Это простодушное признание так разозлило и раздосадовало Филлипа, что я на миг испугалась, как бы он не ударил своего младшего брата.
— Ты же помнишь, как отец отзывался о докторе Уотсоне, Филлип, — словно оправдываясь, продолжал Эдвард. — Тебе ли не знать, что он читал и собирал рассказы доктора о Шерлоке Холмсе. Отец знал, что его хотят убить, и нуждался в помощи!
После этого утверждения Филлип едва не взревел от досады и злости.
— Никто не хотел его убивать! — гаркнул он. — Отец умер от естественных причин!
— Мотор заглох, — доверительно сообщил нам Чарльз и для наглядности похлопал себя по груди.
— Но я неоднократно беседовал с ним, — не унимался Эдвард. — Отец был убежден, что его пытаются отравить.
— Убежден. Вот именно, Эдвард! Убежден! — вскричал Филлип. — Ты же знаешь, что последние несколько месяцев отец был не в себе, воображал Бог знает что.
— Да, да, верно, кухарка говорит, что он даже сделал ей предложение. Каково, а? — подал голос Дженкинс, и Филлип бросил на него тяжелый укоризненный взгляд.

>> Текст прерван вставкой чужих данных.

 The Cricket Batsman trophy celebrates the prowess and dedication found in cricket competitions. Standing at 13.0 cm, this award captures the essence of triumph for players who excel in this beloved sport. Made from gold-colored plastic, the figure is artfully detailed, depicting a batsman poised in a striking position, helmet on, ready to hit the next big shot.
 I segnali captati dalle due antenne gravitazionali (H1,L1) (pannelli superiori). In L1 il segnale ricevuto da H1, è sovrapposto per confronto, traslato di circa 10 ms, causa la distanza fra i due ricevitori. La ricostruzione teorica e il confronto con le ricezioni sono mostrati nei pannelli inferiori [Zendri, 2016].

— Что ж, извините за вторжение, — сказал Джон. — Пожалуй, нам лучше уехать и не нарушать скорбного покоя этого дома.
— Уехать? — простонала я. — Сейчас? Джон, я просто не выдержу еще одного свидания с поездом. Только не сегодня.
— Тогда заночуем в деревне, — решил Джон. — Тут есть какая-нибудь гостиница?

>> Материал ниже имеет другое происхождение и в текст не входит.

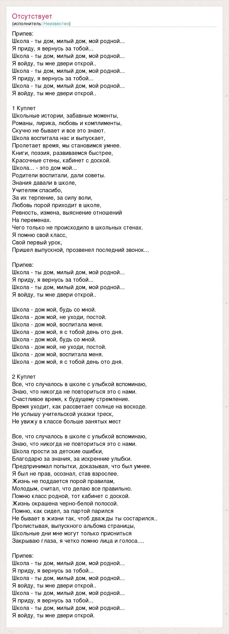 Припев: Школа - ты дом, милый дом, мой родной... Я приду, я вернусь за тобой... Школа - ты дом, милый дом, мой родной... Я войду, ты мне двери открой.. Школа - ты дом, милый дом, мой родной... Я приду, я вернусь за тобой... Школа - ты дом, милый дом, мой родной... Я войду, ты мне двери открой.. 1 Куплет Школьные истории, забавные моменты, Романы, лирика, любовь и комплименты, Скучно не бывает и все это знают. Школа воспитала нас и выпускает, Пролетает время, мы становимся умнее. Книги, поэзия, развиваемся быстрее, Красочные стены, кабинет с доской. Школа... - это дом мой... Родители воспитали, дали советы. Знания давали в школе, Учителям спасибо, За их терпение, за силу воли, Любовь порой приходит в школе, Ревность, измена, выяснение отношений На переменах. Чего только не происходило в школьных стенах. Я помню свой класс, Свой первый урок, Пришел выпускной, прозвенел последний звонок... Припев: Школа - ты дом, милый дом, мой родной... Я приду, я вернусь за тобой... Школа - ты дом, милый дом, мой родной... Я войду, ты мне двери открой.. Школа - дом мой, будь со мной. Школа - дом мой, не уходи, постой. Школа - дом мой, воспитала меня. Школа - дом мой, я с тобой день ото дня. Школа - дом мой, будь со мной. Школа - дом мой, не уходи, постой. Школа - дом мой, воспитала меня. Школа - дом мой, я с тобой день ото дня. 2 Куплет Все, что случалось в школе с улыбкой вспоминаю, Знаю, что никогда не повториться это с нами. Счастливое время, к будущему стремление. Время уходит, как рассветает солнце на восходе. Не услышу учительской указки треск, Не увижу в классе больше занятых мест Все, что случалось в школе с улыбкой вспоминаю, Знаю, что никогда не повториться это с нами. Школа прости за детские ошибки, Благодарю за знания, за искренние улыбки. Предпринимал попытки, доказывая, что был умнее. Я был не прав, осознал, став взрослее. Жизнь не поддается порой правилам, Молодым, считал, что делаю все правильно. Помню класс родной, тот кабинет с доской. Жизнь окрашена черно-белой полосой. Помню, как сидел, за партой парился Не бывает в жизни так, чтоб дважды ты состарился.. Пролистывая, выпускного альбома страницы, Школьные дни мне могут только присниться Закрываю глаза, я четко помню лица и голоса.... Припев: Школа - ты дом, милый дом, мой родной... Я приду, я вернусь за тобой... Школа - ты дом, милый дом, мой родной... Я войду, ты мне двери открой.. Школа - ты дом, милый дом, мой родной... Я приду, я вернусь за тобой... Школа - ты дом, милый дом, мой родной... Я войду, ты мне двери открой.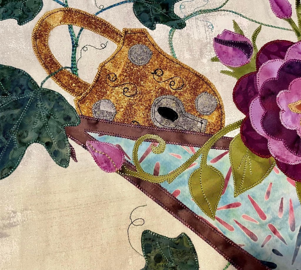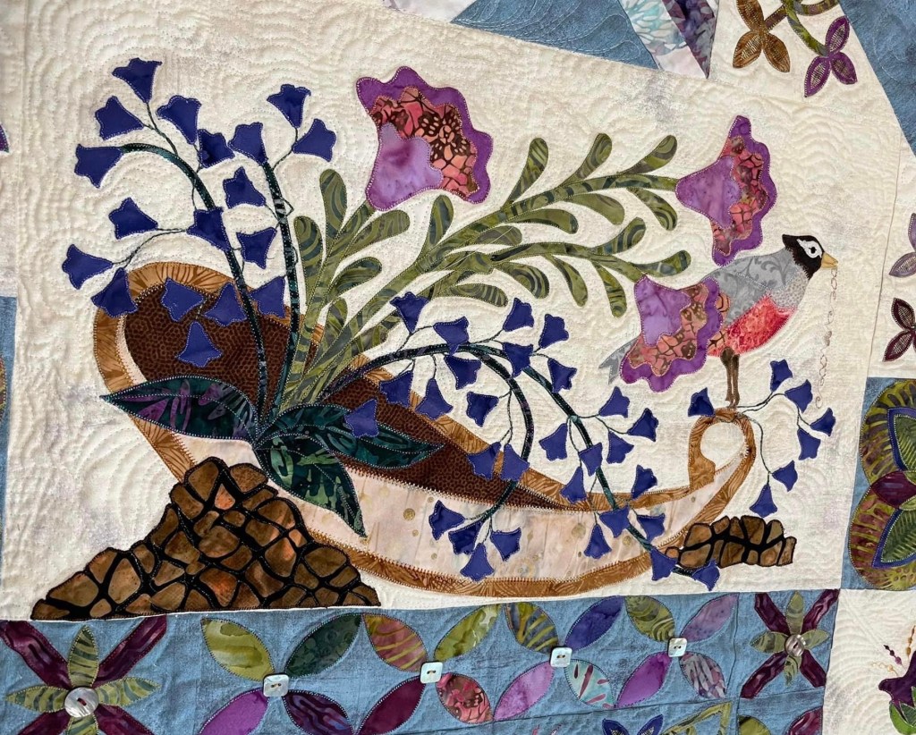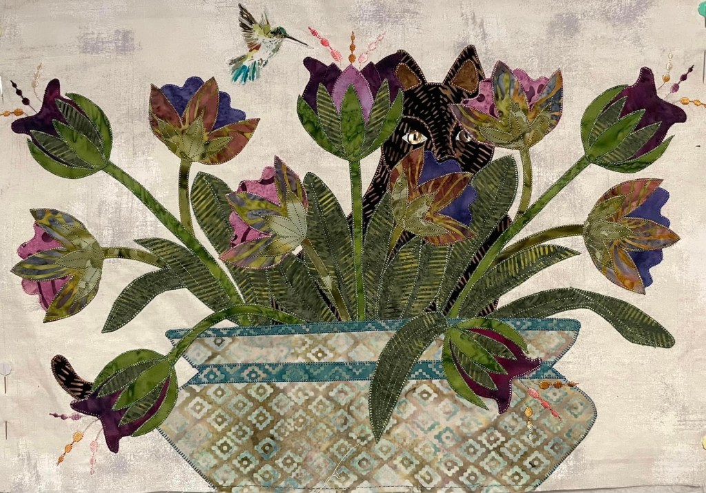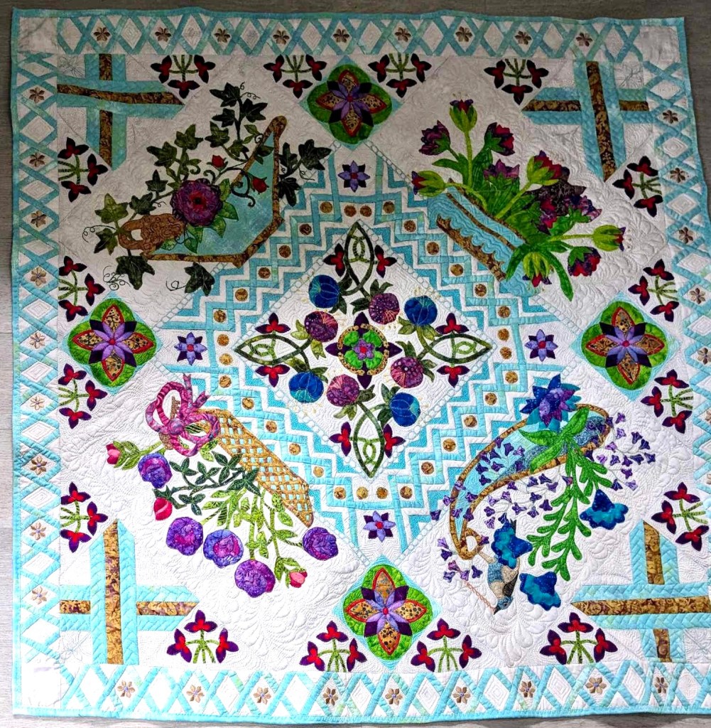 Our final, quilted Secret Gardens.This is our “biggest” and most complex challenge to date. Usually we complete a challenge in the year we select it, but this one needed additional time to complete. What about next year’s challenge? Stay tuned!

— Филлип, — сказал Эдвард, — это я виноват. Они приехали из-за меня, и я буду чувствовать себя мерзавцем, если мы выпроводим их. Неужели нельзя хотя бы предложить им ночлег?

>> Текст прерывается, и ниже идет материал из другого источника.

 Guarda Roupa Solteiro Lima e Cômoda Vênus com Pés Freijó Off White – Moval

— А где, Эдди? — сердито спросил Чарльз. — Комната для гостей уже занята.
— Зато отцовская спальня свободна.
— Отцовская спальня? — в один голос вскричали близнецы.
— Не выгонять же их в такую ночь!
— Ну, что ж, — со вздохом молвил Филлип и вполголоса добавил:
— Хотя едва ли можно представить себе более неподходящее для приема гостей время. Дженкинс, затопите камин в отцовской спальне. А я попрошу кухарку собрать ужин. — С этими словами Филлип резко повернулся и чеканным шагом отправился на кухню.
— Знаешь, Эдди, а ведь ты щедро наделен даром осложнять людям жизнь, — заметил Чарльз, после чего последовал примеру брата и тоже удалился.
— Стало быть, мне придется самому показывать вам комнату, — сказал Эдвард и попросил Дженкинса внести в дом чемоданы.
Шествуя к дубовой лестнице с широкими перилами, мы прошли мимо столовой, где стоял длинный стол, накрытый явно не к трапезе, разве что в этом доме было принято ужинать при черных свечах. Шторы на окнах были плотно задернуты, а позади стола громоздился большой деревянный шкаф, в котором я сразу признала кабину медиума, потому что видела точно такую же на журнальной фотографии. В столовой шли приготовления к спиритическому сеансу! Должно быть, Эдвард заметил мое изумление. Он сказал:
— Боюсь, мой братец Чарльз пристрастился к общению с призраками. Лично я считаю, что это безнравственно. Прошу сюда.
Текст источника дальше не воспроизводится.